Word for word, copy the lines beginning at the one with "Por su parte" and ending at the last line below; pictures stay out.

[Data Boundary: Start]

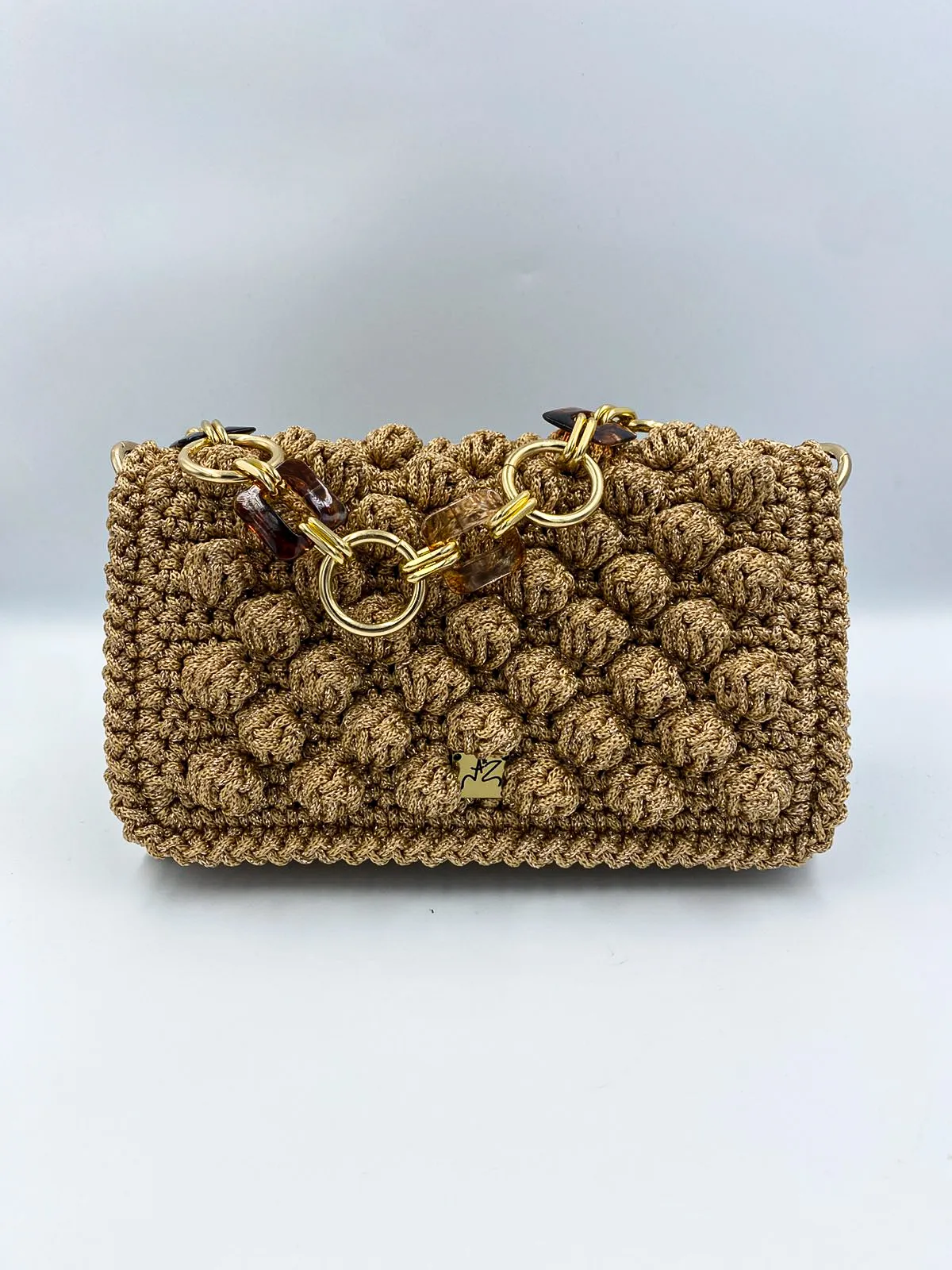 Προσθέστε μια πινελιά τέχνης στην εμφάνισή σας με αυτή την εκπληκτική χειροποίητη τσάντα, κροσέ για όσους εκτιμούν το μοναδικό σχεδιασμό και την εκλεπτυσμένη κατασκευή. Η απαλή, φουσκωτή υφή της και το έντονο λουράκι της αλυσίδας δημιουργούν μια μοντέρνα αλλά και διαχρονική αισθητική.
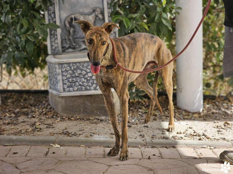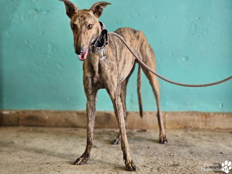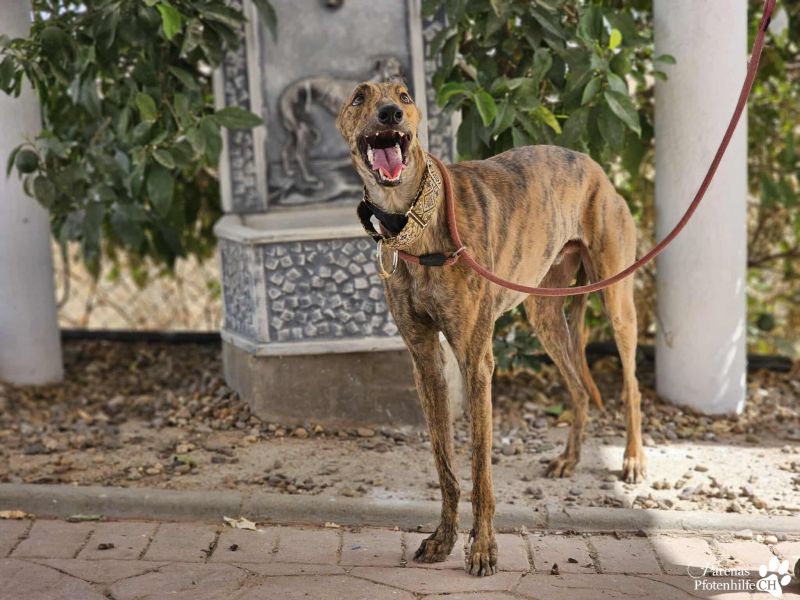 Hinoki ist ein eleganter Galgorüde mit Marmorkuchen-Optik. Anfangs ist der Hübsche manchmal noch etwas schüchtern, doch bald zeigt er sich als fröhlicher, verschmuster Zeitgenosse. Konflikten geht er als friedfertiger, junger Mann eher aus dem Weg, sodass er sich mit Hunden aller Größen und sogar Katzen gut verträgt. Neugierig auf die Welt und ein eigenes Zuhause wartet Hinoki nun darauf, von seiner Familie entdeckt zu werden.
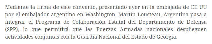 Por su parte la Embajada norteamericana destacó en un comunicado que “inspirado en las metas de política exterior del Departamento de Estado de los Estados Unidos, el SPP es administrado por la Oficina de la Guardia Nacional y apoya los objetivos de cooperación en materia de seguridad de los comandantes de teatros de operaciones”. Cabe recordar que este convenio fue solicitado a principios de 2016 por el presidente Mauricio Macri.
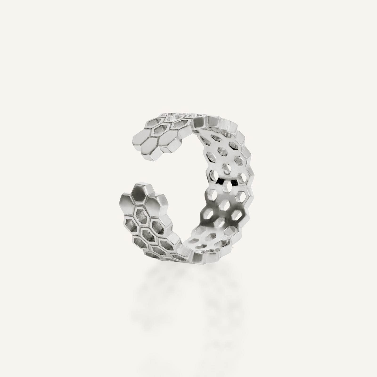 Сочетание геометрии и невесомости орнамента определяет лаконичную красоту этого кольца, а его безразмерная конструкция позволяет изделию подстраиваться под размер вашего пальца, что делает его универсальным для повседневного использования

[Data Boundary: End]

◆ Exercise answer
 Por su parte la Embajada norteamericana destacó en un comunicado que “inspirado en las metas de política exterior del Departamento de Estado de los Estados Unidos, el SPP es administrado por la Oficina de la Guardia Nacional y apoya los objetivos de cooperación en materia de seguridad de los comandantes de teatros de operaciones”. Cabe recordar que este convenio fue solicitado a principios de 2016 por el presidente Mauricio Macri.
 Сочетание геометрии и невесомости орнамента определяет лаконичную красоту этого кольца, а его безразмерная конструкция позволяет изделию подстраиваться под размер вашего пальца, что делает его универсальным для повседневного использования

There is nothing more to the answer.